Sir,
I have read with interest the articles, Study of Perceived Stress among Female Medical and Non-Medical University Students in Dammam, Saudi Arabia, by Dabal et al.1 and the accompanying Editorial by Al-Lamki.2 I would like to congratulate the authors for their scholarship and for highlighting this issue empirically. The study authors have compared levels of stress among medical students using certain defined parameters. The study suggested that medical students appear to have a greater propensity towards academic stress, than their counterpart nonmedical students.1 Studies from different parts of the world, including from the Arabian Gulf are congruent with such a view.3,4 However, compared to other studies, the present finding of a 48.6% rate of academic stress appear to be bewilderingly high considering that, due to cultural patterning, there is a low tendency in such a population to admit to emotional distress.5 The ensuing paragraphs ponder about some of the methodological and conceptual factors that could contribute to what could amount to a spurious rate of academic stress.
First, the high incidence could be partly explained due the phenomena know as ‘hypochondriasis of medical students’. Medical students are likely to perceive themselves as distressed partly because they are familiar with many of the ill-effects of stress from their medical education. These are the people who are exposed to such concepts and terminologies routinely in their medical education. Relevant to this, there is a lot of hype, in the media as well as in the medical profession, that medical schools are ‘hard’. This, of course, is likely to create the climate of a self-fulfilling prophecy. This, in turn, may lead to the dire consequence of endorsing stress that is not really there.

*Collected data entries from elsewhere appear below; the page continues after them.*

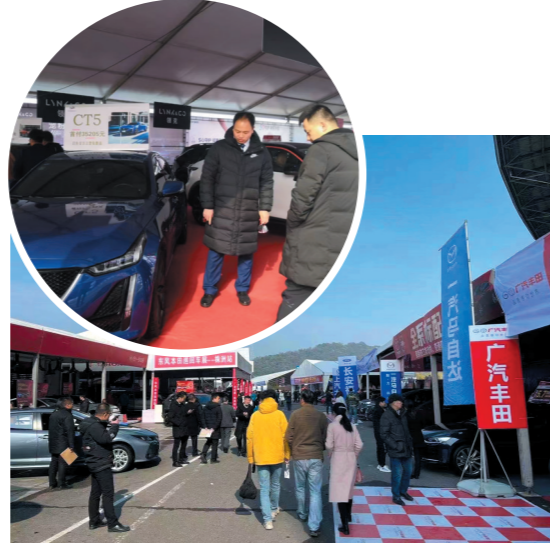
▲往届车展现场。

随着2023株洲冬季汽车博览会的日益临近,各大汽车品牌和消费者都已做好准备,共同迎接这场
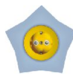
Dvopolna priključna nica sa zaštitnim elementom Zvezda (žuto / svetlo plava) IEC 60884-1, CEE7 16A/250V; IP 20

Broj artikla: 16.42.052 (jezgro od polikarbonata)
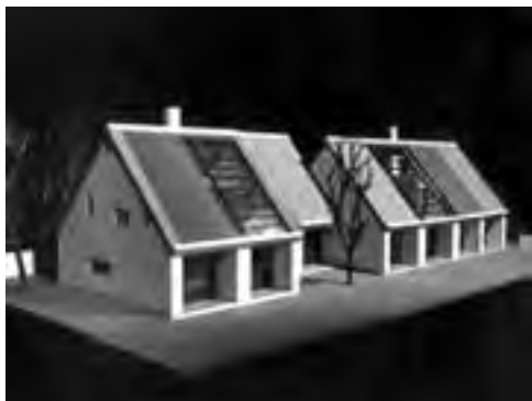
Obr. 7 Jihozápadní pohled na variantu řadového dvojdomku s garáží
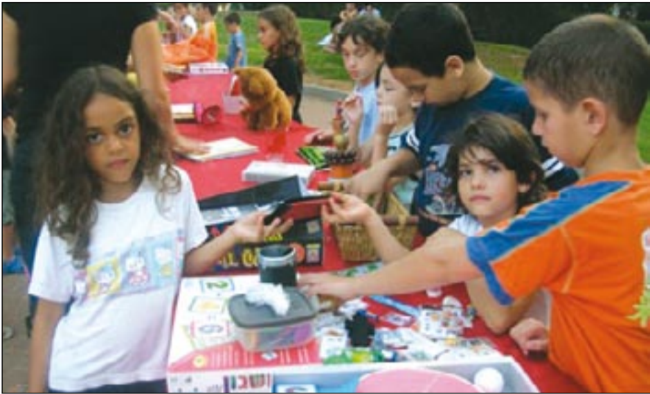
תני ארנק, קחי ספר
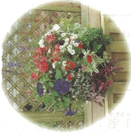
① ハンギングの飾りつけ(目標:1軒1ヶ所≒100カ所+酒蔵20ヶ所)
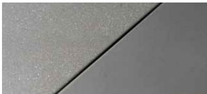
Rechts: behandeld met het waterstraal proces Links: behandeld met conventioneel parestralen

Hoewel waterstralen belangrijke kenmerken deelt met het reguliere beitsen, zoals het verwijderen van lasverkleuringen en herstellen van de chromoxidehuid, is het geen vervanging voor het reguliere beitsen. Het waterstralen is ontwikkeld om een oplossing te bieden indien er zeer specifieke eisen worden gesteld betreffende de afwerkingsgraad van materialen of constructies. Het beoogde resultaat kan enkel worden bereikt wanneer de te behandelen materialen zo perfect mogelijk zijn afgewerkt en gereinigd. Reeds tijdens het productieproces dient hier de nodige aandacht aan te worden besteed. Materiaalkeuze, ontwerp, bewerkingstechnieken en gebruikte
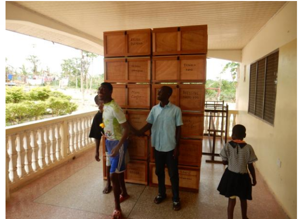
Nieuwe kledingkasten in maart 2017
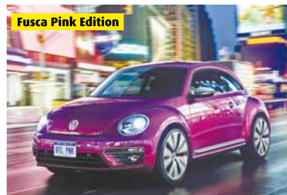
Fusca Pink Edition

Fusca Concept R-Line, Cabriolet Denim, Pink Edition e Cabriolet Wave são atrações no Salão de Nova York
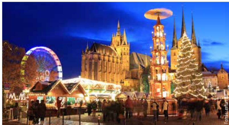
Az erfurti vásár különlegessége a karácsonyi piramis

valóságos mesevilággá varázsolja a Rathausplatzot. Idén körülbelül százötven standon lehet karácsonyi ajándékokat, például eredeti provance-i levendulatermékeket, fenyődíszeket és ünnepi finomságokat vásárolni. Egy tizenkét méter átmérőjű adventi koszorú valamint a karácsonyi díszbe öltöztetett fák borítják fényárba a környéket. A szervezők a legkisebbeknek külön programokkal készülnek: a gyerekek betekintést nyerhetnek a Jézuska-expresszt, levelet adhatnak fel a Mennyei Postahivatalban. Esténként kórusok és
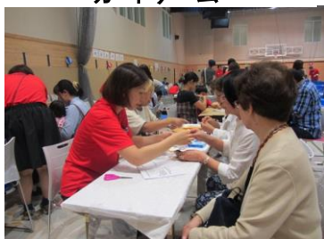
端切れでコサージュ作り

Second, the contribution of one’s personality to academic stress has often been overlooked in current discussion on academic stress. It is well known that certain personality types are prone to stress and in this context, it is the so called ‘Type-A personality’.6 There is empirical evidence to suggest that medical professions tends to attract people with ‘Type-A’ personalities, known to be marked by competitiveness, machiavellianism and envy as well as characterised by the cardinal temperaments that are prone to ‘burnout’, or in the present context, to suffering from academic stress. Equally, there is an indication that medical teachers are not spared from having such a disposition. This echoes the dictum, ‘birds of a feather flock together”.
Third, another point of contention that has been overlooked in this study is the particular role of the medical teacher in this region. Gulf countries tend to attract medical teachers from different parts of the world, but predominantly from other developing countries. Such medical teachers, ambitious as they may be to distinguish themselves in an international setting, are known to have come here because they are unable to thrive elsewhere in competitive academic medicine. Such ‘substandard’ teachers, it could be speculated here, are likely to be ill-equipped to provide an effective learning environment for their students. One salient and ostensible victim of such a situation is the quality of medical education. The reverse side of this coin is the creation of stressed-out medical students.
Fourth, a possible cause of the high rate of academic stress among the reported medical student cohort may reflect the ‘united nations’ of medical teachers in the region and a tendency towards ‘lost in translation’. In general, multi-culturalism and pluralism are often considered to be important ingredients in academic culture; however, there may be a downside to such an environment: the issue of language. Students often complain that they have attended a lecture given by medical teacher whose accent was rendered the content unintelligible to them. Medicine is taught in English, the well meaning intention being that English is the language of science and technology, but the burden of learning or trying rapidly to improve on language skills in the midst of a challenging medical curriculum can further deplete student enthusiasm for life and learning. The situation is further affected by the mode of school education in the region which is often by ‘rote’ learning.7 Effective ‘rote learners’ may have excelled in secondary school to gain entrance into medical school, but it remains to be seen how such a learning strategy fares in medical school. Therefore, the discrepancy in learning styles between secondary school and university, compounded by the characteristics of the medical teachers, may contribute to the high propensity towards academic stress.
The aforementioned methodological and conceptual constraints need to be considered in future research so that evidence-based prevention and intervention can be contemplated in order to mitigate intransigent and debilitating academic stress, something well known to dent one’s social, health and occupational competency.